At the Stanford Law Review Privacy Paradox, Jeff Rosen writes about The Right to be Forgotten:
At the end of January, the European Commissioner for Justice, Fundamental Rights, and Citizenship, Viviane Reding, announced the European Commission’s proposal to create a sweeping new privacy right—the “right to be forgotten.” The right, which has been hotly debated in Europe for the past few years, has finally been codified as part of a broad new proposed data protection regulation. Although Reding depicted the new right as a modest expansion of existing data privacy rights, in fact it represents the biggest threat to free speech on the Internet in the coming decade. The right to be forgotten could make Facebook and Google, for example, liable for up to two percent of their global income if they fail to remove photos that people post about themselves and later regret, even if the photos have been widely distributed already. Unless the right is defined more precisely when it is promulgated over the next year or so, it could precipitate a dramatic clash between European and American conceptions of the proper balance between privacy and free speech, leading to a far less open Internet.
In theory, the right to be forgotten addresses an urgent problem in the digital age: it is very hard to escape your past on the Internet now that every photo, status update, and tweet lives forever in the cloud.
This is interesting:
In a widely cited blog post last March, Peter Fleischer, chief privacy counsel of Google, notes that the right to be forgotten, as discussed in Europe, often covers three separate categories, each of which proposes progressively greater threats to free speech.[7] And the right to be forgotten, as proposed at the end of January, arguably applies in all three of Fleischer’s categories. . . .
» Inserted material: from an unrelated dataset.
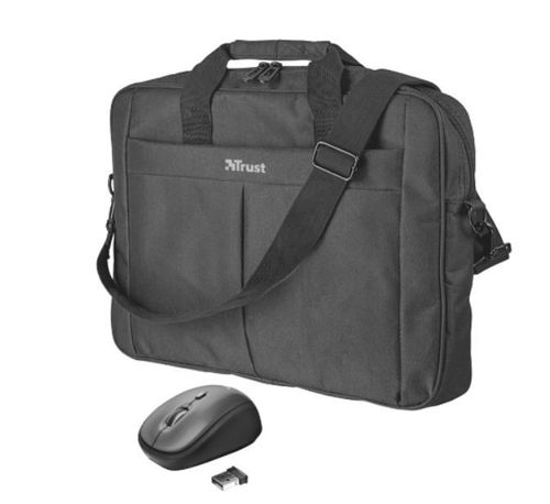 Poręczny zestaw podróżny składający się z myszy bezprzewodowej i ochronnej torby na laptopy o rozmiarze do 16", urządzenia peryferyjne i inne akcesoria
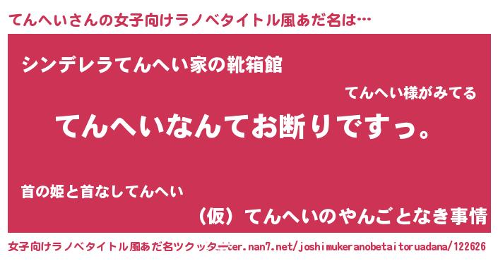 | 男性向けラノベタイトル風あだ名 | 『魔法科高校のてんへい』 |

But the right to delete data becomes far more controversial when it involves Fleischer’s second category: “If I post something, and someone else copies it and re-posts it on their own site, do I have the right to delete it?” Imagine a teenager regrets posting a picture of herself with a bottle of beer on her own site and after deleting it, later discovers that several of her friends have copied and reposted the picture on their own sites. If she asks them to take down the pictures, and her friends refuse or cannot be found, should Facebook be forced to delete the picture from her friends’ albums without the owners’ consent based solely on the teenager’s objection? . . .
Finally, there is Fleischer’s third category of takedown requests: “If someone else posts something about me, do I have a right to delete it?” This, of course, raises the most serious concerns about free expression. The U.S. Supreme Court has held that states cannot pass laws restricting the media from disseminating truthful but embarrassing information—such as the name of a rape victim—as long as the information was legally acquired.
..It’s hard to imagine that the Internet that results will be as free and open as it is now.
What fascinates me is how I approached these issues back in 2007 when I wrote Omniveillance.
The tort I proposed was similar. If Google posted some image that met certain conditions, you could sue to have it removed. I proposed a tort to remedy the violations of a right I dubbed, the Right to your Digital Identity. Snazzy, huh?
The right to your digital identity is violated when an individual or organization records and reproduces an image of another without consent using a visual or auditory enhancing device while (1) the party recorded possessed a reasonable expectation of privacy to not be recorded; (2) the matter recorded would be offensive to a reasonable person; (3) the recording is intentionally widely transferred or disseminated through any electronic medium to any electronic format; and (4) the recording is not newsworthy, where a newsworthy recording (4a) has social value, (4b) minimally intrudes into ostensibly private affairs, and (4c) the party that is recorded voluntarily acceded to the position of public notoriety.
The tort was limited to images recorded by a company (such as Google), so did not apply to the examples discussed above, where you post something online; but it does apply to the third category identified. My tort looks at whether a reasonable expectation of privacy (Jones!). It looked at whether something is offensive to a reasonable person. It considers the manner in which the information was disseminated (and takes into considering things like social networks). It balances newsworthiness, private affairs, and voluntary ascension to public notoriety.
Like an elephant, the Internet never forgets
I don’t even know if I still agree with what I wrote. My understanding of free speech has evolved quite a bit. I don’t know. But I’m glad 1L Josh was already thinking about these deep issues.